Global Interfaith Grassroots Organizing: The Record So Far
by Sally Mahé
This article was originally published on November 10, 2011 by The Interfaith Observer and United Religions Initiative.
Since its Charter was signed in 2000, United Religions Initiative (URI) has grown to include more than 530 grassroots groups and organizations in 78 countries. Each Cooperation Circle has its own name, size, governance and mission, but they all share in their commitment to and practice of diversity, and to advancing the central purpose and principles of URI. As URI’s director of Organizational Development for over 15 years, I’ve had a good seat from which observe and participate in developing an institution that believes in the power of people to self-organize in order to fulfill their aspirations for peace, justice and healing.
So, what are we seeing? What is our experience teaching us?
A common document rooted in shared values provides stability. Diverse people are compelled to action by purpose and principles that articulate their core values, passions and longings. In the United States, citizens are stirred by the words of the Preamble to the Constitution: We, the people of the United States, in order to form a more perfect Union…In the same way, people have consistently been drawn to URI by the words of its Charter. Statements that call people to a common cause and guide behavior bind them together and open opportunities for long-term, diverse, and high-functioning grassroots activities.
Recognition and appreciation: focusing on what works rather than what doesn’t work is worth more than money. An enduring reality of a grassroots activity is that most people involved are not paid but act from personal commitment. Working with hundreds of groups in URI, watching when folks come alive and when they wear out, I realized that people, like flowers, respond to essential “nutrients,” among them the need to be recognized, be successful, have their value amplified, and the meaning of what they do deepened.
URI as an organization embraced an approach to positive change called Appreciative Inquiry. Wilted from tedious work, crises, hatreds and injustices that overwhelm their efforts for the good, we found people coming back to life when organizational structures give them a chance to focus on their values, renew their sense of personal power, and help them imagine a world they want for their children.
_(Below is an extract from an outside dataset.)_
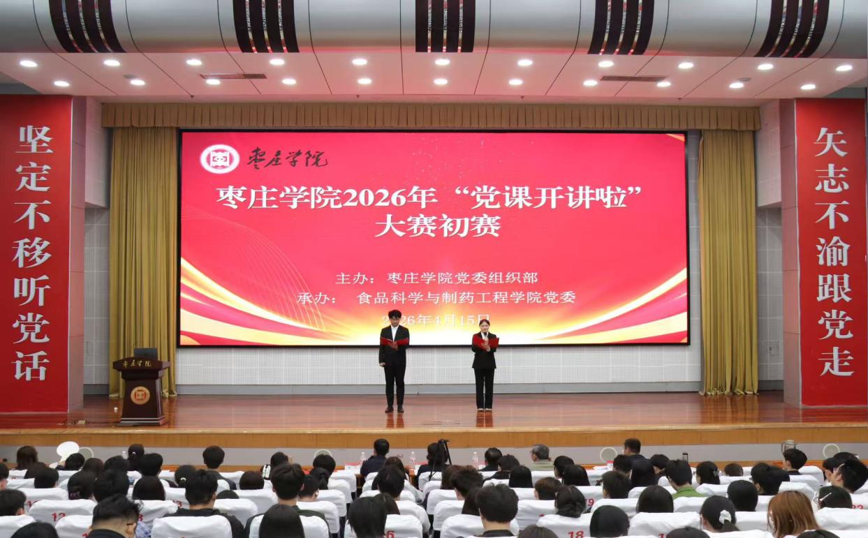 为深入贯彻新时代党的建设总要求,庆祝中国共产党成立105周年,扎实推进“党建好案例、书记好党课、党员好榜样”系列活动走深走实,4月15日下午,由学校党委组织部主办、食品科学与制药工程学院党委承办的枣庄学院2026年“党课开讲啦”初赛在市中校区综合楼报告厅顺利举行。

Maintaining the tension between giving guidance and leaving freedom to innovate produces positive results. Giving unlimited numbers of people the freedom to innovate creates an amazing and unanticipated diversity of activities and impact. However, grassroots groups also call for systematic guidance and training to become more effective. An organizational culture that welcomes this tension by encouraging unbridled innovation springing from people’s creativity, while providing guidance and training in order to increase its impact, is challenging but constructive.
Conversation and dialogue balance action-oriented programs. Early analysis of URI grassroots groups indicated an even split between those organized around conversation and sharing spiritual practices, and those involved in action/service-oriented programs in their communities. Over the years, however, a pattern emerged across cultures that grassroots groups involved in interfaith work often choose a combination of “inner work” and “outer work.”
Recently speaking with members of the Interfaith Council of Bainbridge Island in Washington State, I experienced my own renewed commitment and joy as we went around the circle sharing stories of faith and life experience. Active interfaith work that takes on vexing local issues will continue to be reinvigorated, balanced, and anchored by such sharing. Most often, especially in areas of entrenched conflict such as the Middle East, grassroots interfaith organizers find that their personal relationships with “the other” make the biggest difference in their lives and propel their work.
Platforms to connect grassroots with policy-makers are critical. Over the years, URI has seen effective alliances built among students, religious leaders, civil servants, government officials, the military, the media, and corporate executives. Making an effort to reach out to “sectors” we don’t normally interact with or are critical of is invaluable in creating opportunity for significant change.
Strong relationships create community resilience. Strong community relationships help unleash people’s resilience, creativity, and hope, whether preparing for disaster relief, responding to crises, or sharing the doom and gloom surrounding issues like the economy, peace, and the environment. Grassroots organizing among people from different faiths creates such relationships and strengthens communities in times of difficulty. When terrorist bombs hit the island of Bali, an already established interfaith community ran to the scene to offer joint prayers of grief and support. In New Orleans, it is well documented that faith communities, networked to some degree with one another, provided the most successful response to the devastation of Hurricane Katrina. We may be living in a dangerous world for quite a while. Grassroots organizing emphasizing relationship-building and cooperation skills is a sterling investment in community resilience and ultimately survival.
What does the future hold?
Grassroots organizing has the opportunity to take on new meaning and power as communication tools emerge connecting humanity across continents and bridge historic divides of all kinds. New networking, new relationships are developing everywhere, and interfaith activists have gotten the message.
More and more, responsibility for positive change will be distributed among the many – taken up by “we, the people.” More competence, more cooperation, more compassion, and more commitment to good relationships will be needed across cultures and among people everywhere as we learn how to tap “the better angels of our nature” and exert our collective influence to make a better world.
Published with the author’s permission.